Compared with a placebo, the addition of the injectable cholesterol-lowering drug alirocumab to high-intensity statin treatment in patients who have had a heart attack resulted in twofold greater reductions in three key measures of plaque vulnerability that signal risk for future cardiac events, according to research presented at the American College of Cardiology’s 71st Annual Scientific Session.
The trial is the first to examine the effect of the PCSK9 inhibitor alirocumab on “vulnerable plaques” (fatty deposits in arteries that are considered likely to cause future cardiac events) using three imaging tests that assess the probability of future cardiac events in patients recovering from a heart attack. The study met its primary endpoint—a reduction in percent atheroma volume (PAV), which is a measure of cholesterol plaque buildup in the coronary arteries.
“Following early initiation of alirocumab on top of high-intensity statin therapy in a high-risk population with acute myocardial infarction, we observed a twofold regression of coronary atherosclerosis and stabilization of high-risk plaques when compared with treatment with statins alone,” said Lorenz Räber, MD, Ph.D., professor of cardiology and director of the catheterization laboratory at Bern University Hospital in Switzerland and the trial’s principal investigator.
Most heart attacks are caused by cholesterol deposits in the coronary artery that are covered by a thin, fibrous cap. A rupture in this cap can potentially lead to a coronary blockage that results in a heart attack.
About 1 in 5 people who have had a heart attack will be readmitted to the hospital with a second cardiac event within five years.
PCSK9 inhibitors boost the ability of the liver to clear low-density lipoprotein (LDL) cholesterol—or “bad” cholesterol—from the body, thereby lowering levels of LDL cholesterol in the blood. Alirocumab, which is injected under the skin, was the first drug in this class to be approved by the U.S. Food and Drug Administration for use either alone or in combination with other cholesterol-lowering medications such as statins.
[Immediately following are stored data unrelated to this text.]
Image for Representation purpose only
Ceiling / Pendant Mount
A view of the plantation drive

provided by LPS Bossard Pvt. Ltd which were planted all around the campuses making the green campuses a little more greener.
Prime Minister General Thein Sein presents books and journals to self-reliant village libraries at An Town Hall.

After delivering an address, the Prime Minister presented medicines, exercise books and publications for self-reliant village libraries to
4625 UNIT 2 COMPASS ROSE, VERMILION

The current trial, known as PACMAN-AMI, enrolled 300 patients who had a heart attack and were treated with a stent (a tiny mesh tube) to open the blocked artery. The patients’ average age was 58.5 years and 81.3% were men. All patients received a high daily dose of the statin drug rosuvastatin (20 mg), and they were randomly assigned to receive injections of either alirocumab or a placebo every two weeks as additional treatment. The first injection was administered less than 24 hours after the insertion of a stent, while patients were still in the hospital for their heart attack.
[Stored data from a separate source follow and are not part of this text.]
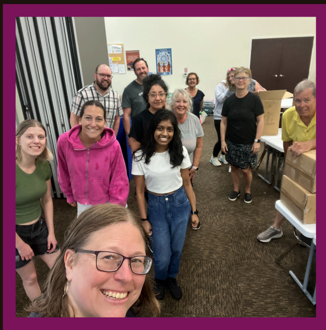
Our volunteer Managing Director & Board Chair won the 2024 Women in Business Award for Community Impact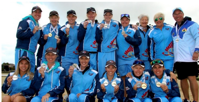
2017 Silver Medalists - National Sides Championships

Chair – Selection Committee, NSW Coach and National Assistant Coach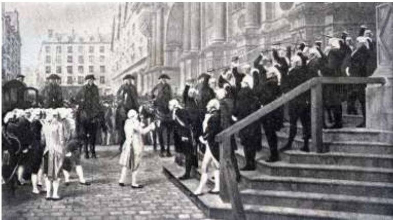
THE ARCH OF STEEL.

favourite meeting-place. His gipsy face and long black hair inspired others with the same frenzy as he spoke of the "St Bartholomew's bell of patriots," which had now been rung. The Swiss and German mercenaries would come and kill the French by order of the Queen, who had sent their minister away. There was no time to lose if they intended to save themselves. Let all wear a green cockade, for green was the colour of eternal hope, and the trees could furnish leaves abundantly.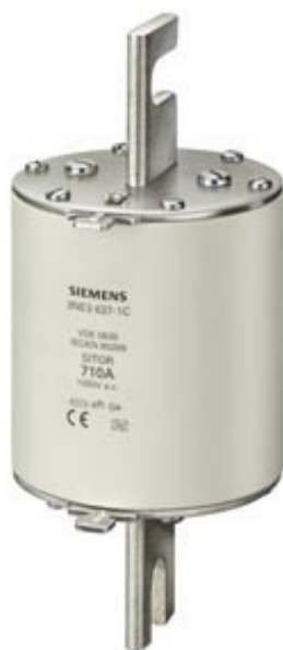
SITOR FUSE-LINK FOR SEMICONDUCTOR PROTECTION 710A AR 1000V SIZE 3 CONNECTION CONTACT INDICATOR 140MM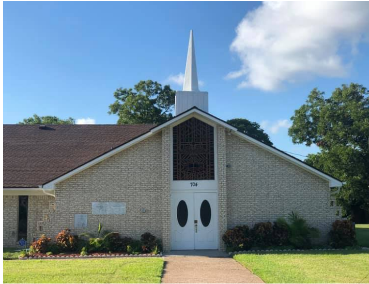
Mt. Nebo Missionary Baptist Church, Victoria, Texas

showcase an organ anthem, "I'll Walk with God." Please join us in person or on our Facebook page or website for another beautiful morning of music!

Within 24 hours of the stenting procedure, patients underwent three types of imaging in two other arteries to the heart (not including the one that had caused the heart attack). These imaging tests measured the amount of plaque buildup (PAV, the primary endpoint) by intravascular ultrasound; the amount of cholesterol within the plaques by near-infrared spectroscopy; and the thickness of the hard outer layer, or cap, covering the plaques by optical coherence tomography (a light-based imaging technique that provides microscopic images of the artery). The thinner the hard cap is, the more likely it is to rupture, which could allow the plaques to block the artery and cause another heart attack.
“PAV, cholesterol content of the plaque and cap thickness are key characteristics of vulnerability to future cardiac events,” Räber said. “This kind of detailed information could previously be obtained only at autopsy. Nowadays, it can be visualized in living patients using these imaging tests. Our study was the first to use three intracoronary imaging tests in combination to provide a comprehensive picture of plaque size, composition and morphology [shape and structure].”
Patients continued their assigned treatment for 50 weeks. At 52 weeks, the three imaging tests were repeated and the researchers analyzed the differences between before-treatment and after-treatment images. On all three imaging measures, patients who received alirocumab did significantly better than those who received a placebo. Overall plaque material and lipid deposits on their arterial walls regressed to a greater extent (twofold reduction), and the hard caps covering the plaques became thicker (twofold thickening), meaning they were less likely to rupture. Patients who had received alirocumab also needed significantly fewer repeat stenting procedures. No significant adverse events occurred in relation to the imaging tests.
Patients receiving the combination of alirocumab and a statin achieved an average LDL level of 23.6, the lowest level ever achieved in a major trial of cholesterol-lowering drugs in acute myocardial infarction patients, Räber said. The study drug was generally well tolerated (6.4% injection-site reactions and 3.4% allergic reactions).
“These findings provide insights to support more-frequent, early and targeted use of alirocumab on top of high-intensity statin therapy in patients who have had a heart attack and are at high risk for a second one,” Räber said.
A limitation of the study, he said, is that it was not designed to measure whether the addition of alirocumab to statin therapy resulted in fewer cardiac events compared with statin therapy alone. Instead, the study used changes in the three imaging markers of heart attack risk as surrogate endpoints.